• [TASK INPUT]
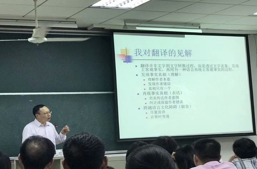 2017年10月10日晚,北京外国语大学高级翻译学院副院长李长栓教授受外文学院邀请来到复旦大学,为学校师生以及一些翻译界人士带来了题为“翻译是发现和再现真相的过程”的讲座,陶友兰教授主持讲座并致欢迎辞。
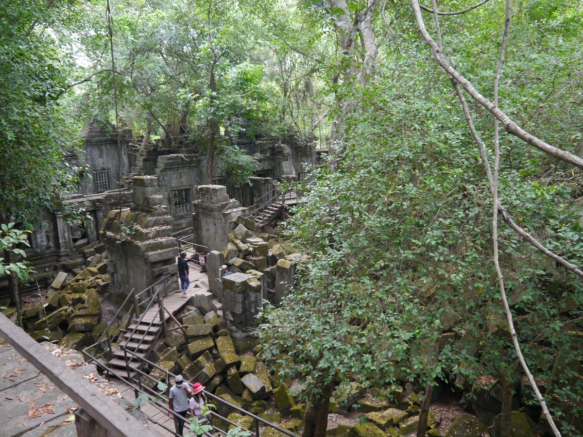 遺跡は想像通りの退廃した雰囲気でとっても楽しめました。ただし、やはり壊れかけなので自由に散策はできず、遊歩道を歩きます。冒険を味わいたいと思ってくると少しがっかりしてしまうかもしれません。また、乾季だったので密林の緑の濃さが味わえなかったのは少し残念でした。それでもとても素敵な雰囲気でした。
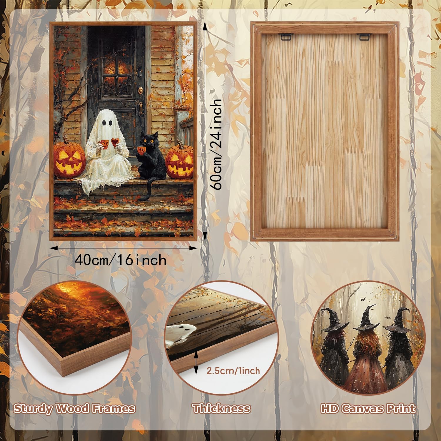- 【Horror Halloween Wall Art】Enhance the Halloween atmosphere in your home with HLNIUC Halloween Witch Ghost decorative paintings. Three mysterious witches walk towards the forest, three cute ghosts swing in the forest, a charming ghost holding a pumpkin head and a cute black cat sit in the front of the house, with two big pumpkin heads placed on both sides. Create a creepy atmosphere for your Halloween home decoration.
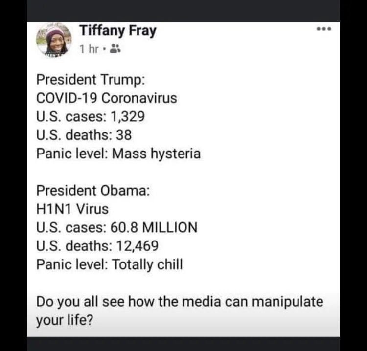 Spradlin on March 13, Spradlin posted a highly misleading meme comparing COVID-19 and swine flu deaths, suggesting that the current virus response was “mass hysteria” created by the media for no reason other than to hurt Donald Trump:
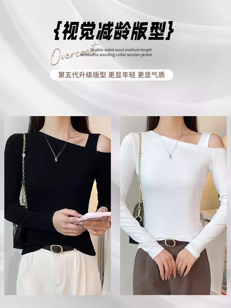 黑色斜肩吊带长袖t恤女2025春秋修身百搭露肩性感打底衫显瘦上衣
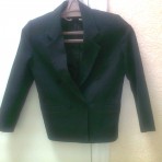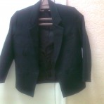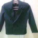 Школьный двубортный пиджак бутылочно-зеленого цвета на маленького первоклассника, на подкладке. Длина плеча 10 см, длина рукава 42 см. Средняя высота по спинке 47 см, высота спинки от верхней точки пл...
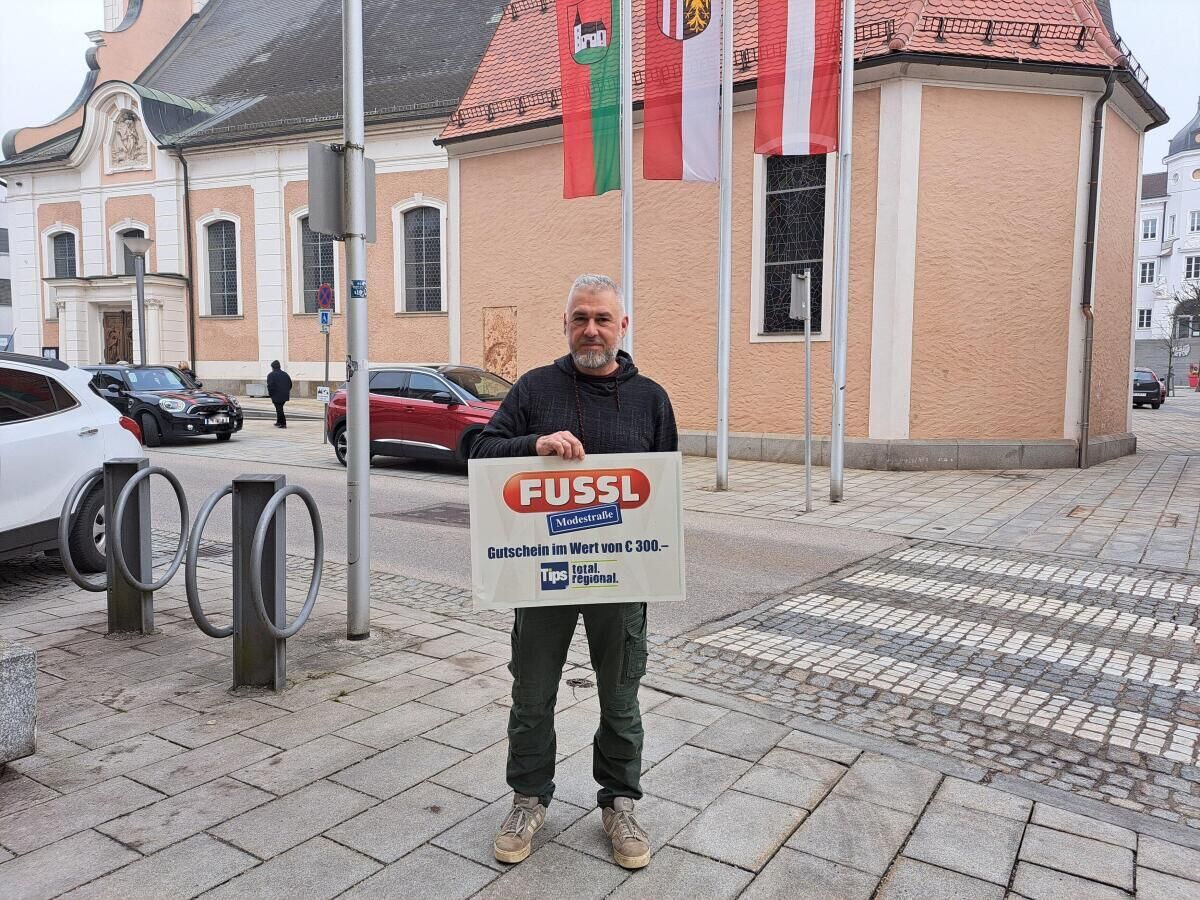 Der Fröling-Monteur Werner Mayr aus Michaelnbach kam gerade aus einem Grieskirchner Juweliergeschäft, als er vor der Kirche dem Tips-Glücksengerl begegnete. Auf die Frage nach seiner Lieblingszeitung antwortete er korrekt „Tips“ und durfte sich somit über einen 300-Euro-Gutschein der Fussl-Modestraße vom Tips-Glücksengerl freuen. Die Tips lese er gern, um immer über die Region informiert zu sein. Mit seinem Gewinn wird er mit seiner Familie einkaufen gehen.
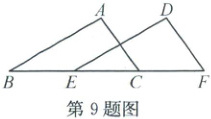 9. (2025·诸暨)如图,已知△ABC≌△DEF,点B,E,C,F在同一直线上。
* * *
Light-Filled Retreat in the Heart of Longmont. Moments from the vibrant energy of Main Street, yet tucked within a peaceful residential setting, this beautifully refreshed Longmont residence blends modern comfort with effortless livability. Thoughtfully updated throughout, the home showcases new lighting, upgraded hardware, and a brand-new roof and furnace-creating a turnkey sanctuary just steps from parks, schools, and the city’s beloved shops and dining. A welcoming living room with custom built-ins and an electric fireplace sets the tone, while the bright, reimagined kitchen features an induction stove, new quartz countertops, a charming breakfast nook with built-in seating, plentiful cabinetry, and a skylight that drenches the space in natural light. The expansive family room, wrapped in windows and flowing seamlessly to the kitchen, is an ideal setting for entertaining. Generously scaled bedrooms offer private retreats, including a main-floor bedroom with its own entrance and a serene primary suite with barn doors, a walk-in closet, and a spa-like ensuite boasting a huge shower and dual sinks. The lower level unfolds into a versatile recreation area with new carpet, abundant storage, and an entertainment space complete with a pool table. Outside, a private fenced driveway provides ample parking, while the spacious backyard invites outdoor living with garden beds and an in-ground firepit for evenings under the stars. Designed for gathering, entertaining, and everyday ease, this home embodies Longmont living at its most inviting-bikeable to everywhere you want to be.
* * *
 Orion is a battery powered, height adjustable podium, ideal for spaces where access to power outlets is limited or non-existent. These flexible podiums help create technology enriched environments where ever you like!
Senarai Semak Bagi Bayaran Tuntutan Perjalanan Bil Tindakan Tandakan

• [TO DO] Would you transcribe the lines above exactly, going from the line bearing "遺跡は想像通りの退廃した雰囲" through the line bearing "9. (2025·诸暨)如图", and drop the pictures from the copy?

• [FINAL ANSWER]
 遺跡は想像通りの退廃した雰囲気でとっても楽しめました。ただし、やはり壊れかけなので自由に散策はできず、遊歩道を歩きます。冒険を味わいたいと思ってくると少しがっかりしてしまうかもしれません。また、乾季だったので密林の緑の濃さが味わえなかったのは少し残念でした。それでもとても素敵な雰囲気でした。
- 【Horror Halloween Wall Art】Enhance the Halloween atmosphere in your home with HLNIUC Halloween Witch Ghost decorative paintings. Three mysterious witches walk towards the forest, three cute ghosts swing in the forest, a charming ghost holding a pumpkin head and a cute black cat sit in the front of the house, with two big pumpkin heads placed on both sides. Create a creepy atmosphere for your Halloween home decoration.
 Spradlin on March 13, Spradlin posted a highly misleading meme comparing COVID-19 and swine flu deaths, suggesting that the current virus response was “mass hysteria” created by the media for no reason other than to hurt Donald Trump:
 黑色斜肩吊带长袖t恤女2025春秋修身百搭露肩性感打底衫显瘦上衣
 Школьный двубортный пиджак бутылочно-зеленого цвета на маленького первоклассника, на подкладке. Длина плеча 10 см, длина рукава 42 см. Средняя высота по спинке 47 см, высота спинки от верхней точки пл...
 Der Fröling-Monteur Werner Mayr aus Michaelnbach kam gerade aus einem Grieskirchner Juweliergeschäft, als er vor der Kirche dem Tips-Glücksengerl begegnete. Auf die Frage nach seiner Lieblingszeitung antwortete er korrekt „Tips“ und durfte sich somit über einen 300-Euro-Gutschein der Fussl-Modestraße vom Tips-Glücksengerl freuen. Die Tips lese er gern, um immer über die Region informiert zu sein. Mit seinem Gewinn wird er mit seiner Familie einkaufen gehen.
 9. (2025·诸暨)如图,已知△ABC≌△DEF,点B,E,C,F在同一直线上。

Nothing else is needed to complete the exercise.